3. Elizabeth Debicki in The Crown (series five, 2022)
Perhaps no other Diana actor conveys what Debicki does: Diana’s height. She was appreciably taller than Charles – so for their engagement photograph she had to stand on a lower step. (Prince Philip is said to have barked, on news of the engagement, that she would at least “breed some height into the family”.) Debicki is a naturally elegant, stylish performer who carries off the couture creations, and she brings to Diana something that is often forgotten: that touch of Spencerian aristocratic hauteur. Debicki became famous in the BBC’s The Night Manager for playing the abused wife of an arrogant entitled man. She brings something of the same energy here.

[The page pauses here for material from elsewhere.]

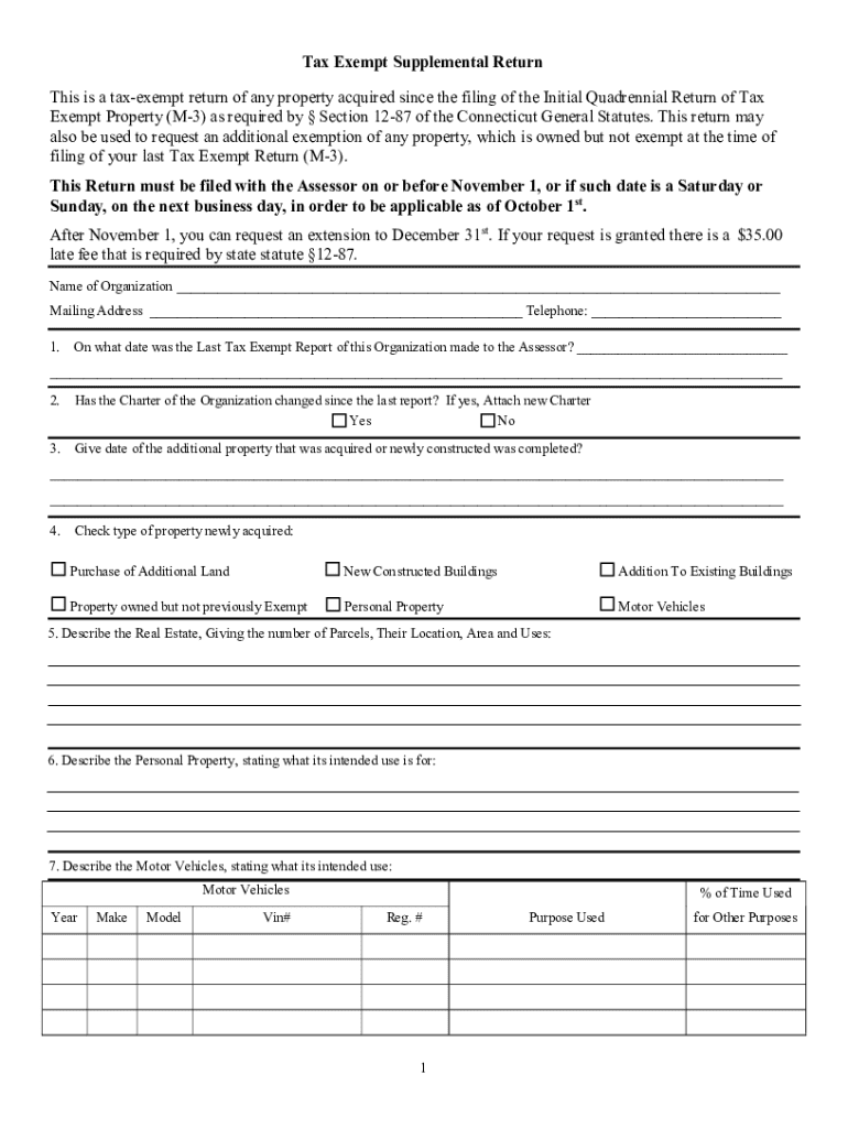 Tax Exempt Supplemental Return This is a tax exempt return of any property acquired since the filing of the Initial Quadrennial Return of Tax Exempt Property (M3) as required by Section 1287 of the
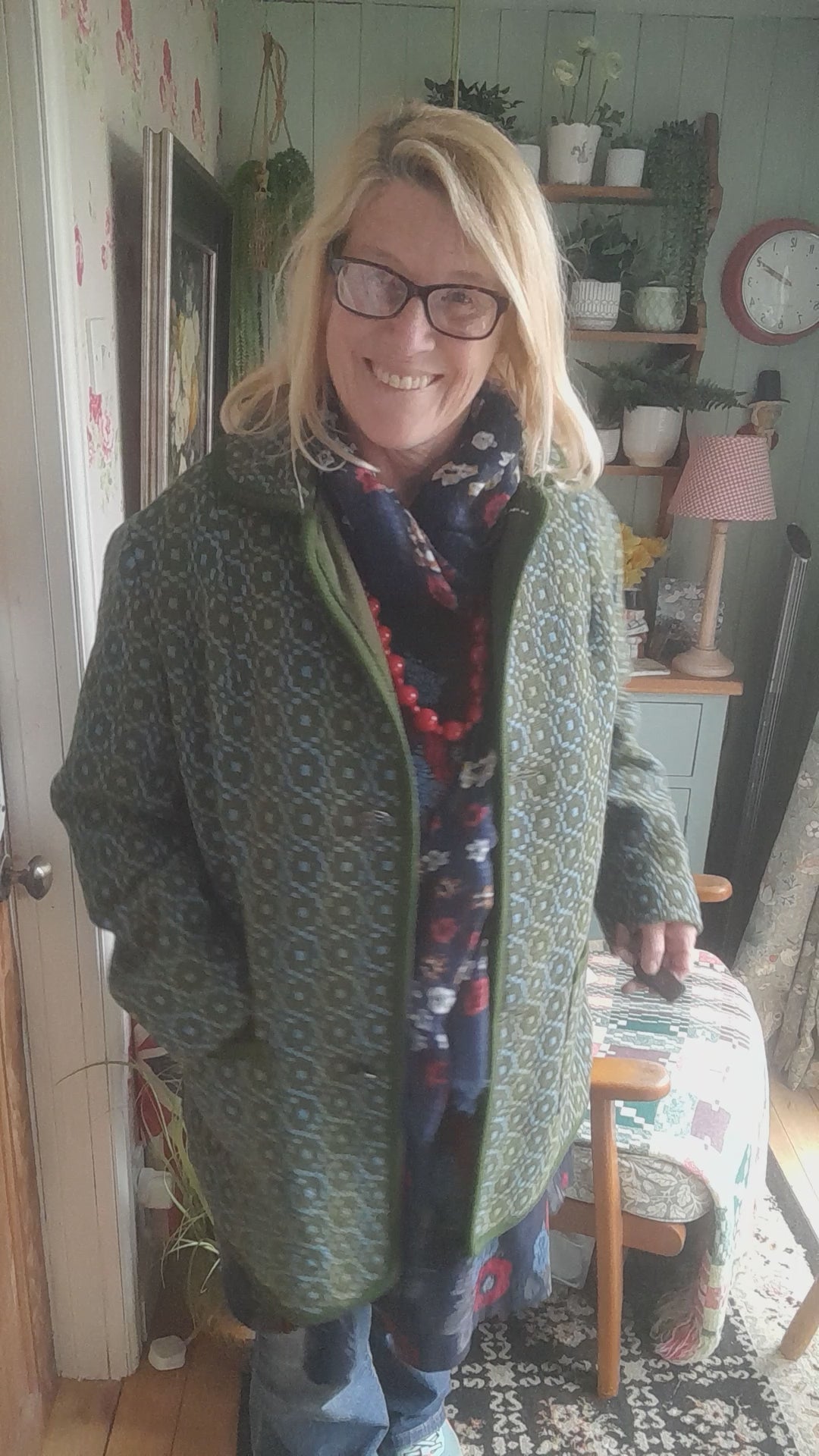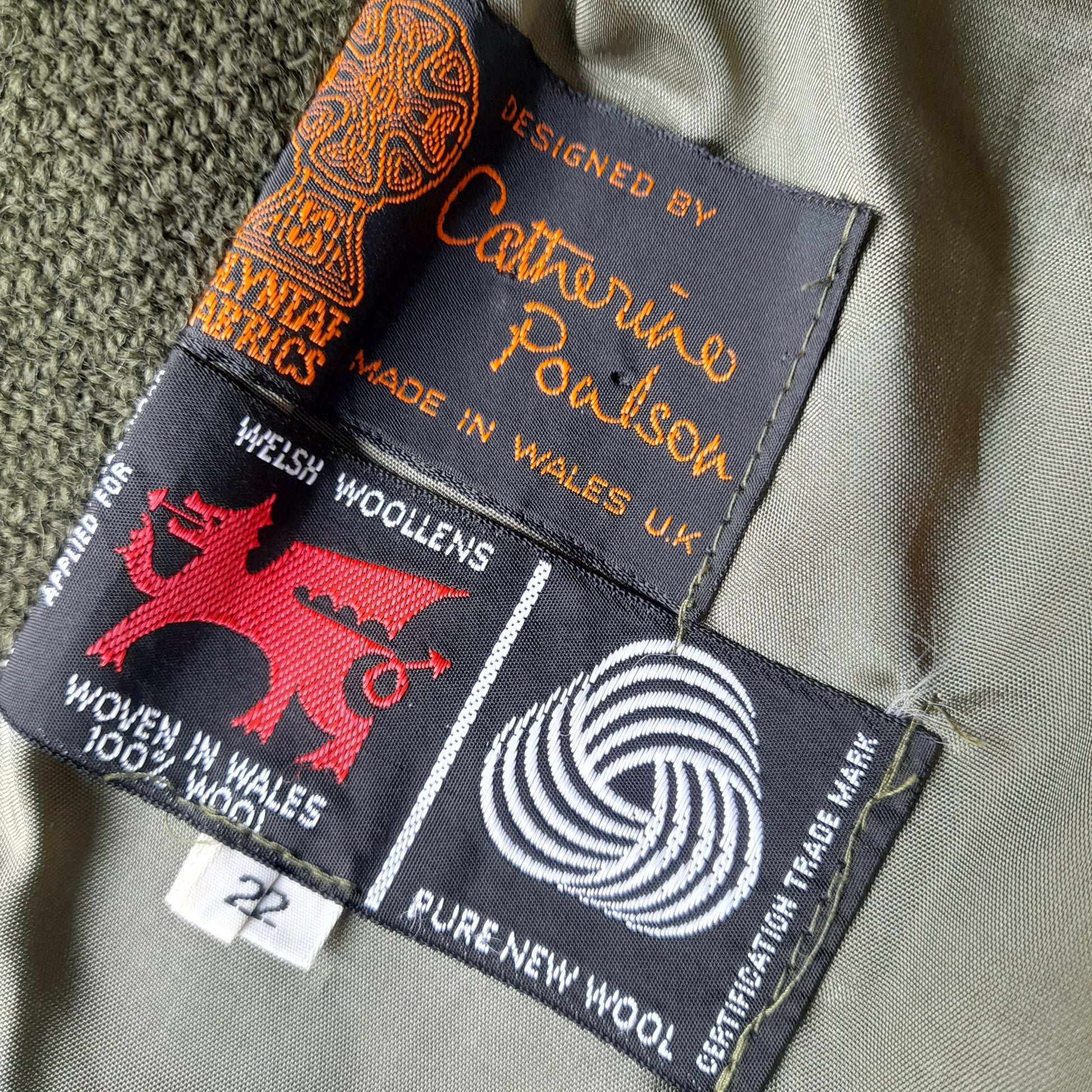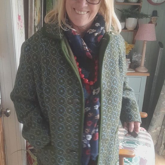Lovely vintage Welsh wool tapestry pea coat in dark teal green design. Two patch pockets to front. Fully lined with original Welsh label. Unusual Welsh dragon buttons. Good condition. Size large 18 to 22.

2. Kristen Stewart in Spencer (2021)
Stewart’s entertaining and studied impersonation of Diana in Pablo Larraín’s hallucinatory film, based on her final weekend at Sandringham in 1991, is undoubtedly the Diana performance with the most solemnly praised arthouse prestige. Stewart is good at Diana’s shoulder-shrugging convulsions of misery and protest. The movie exaggerates her unhappiness with black-comic stylings and flourishes – particularly when she dismisses a maid to be alone: “I want to masturbate …” The film is an amusing and preposterous contrivance, but one that takes itself very seriously as a work that elevates the Diana myth to the next level, though it is perhaps as naive as any other treatment.
1. Emma Corrin in The Crown (series four, 2020)
Whatever your views on The Crown, it was a humble streaming TV show and not a garlanded movie that gave us the best Diana. Corrin was stunningly good as the young princess, perhaps because this wasn’t a try-hard, awards-bait performance, just an utterly natural one – with all the Diana Spencer mannerisms – while at the same time eerily artificial. Corrin fitted the hairstyle and the clothes in a way no other actor has; it was almost like a seance. The scenes for the Australian tour, with Diana thrilled by the public success and yet mortified by Charles’s criticism, are brilliant, as is the portrayal of her growing sense that her rising celebrity prestige might come to outrank Charles’s fusty royalness. Corrin is the queen of the Dianas.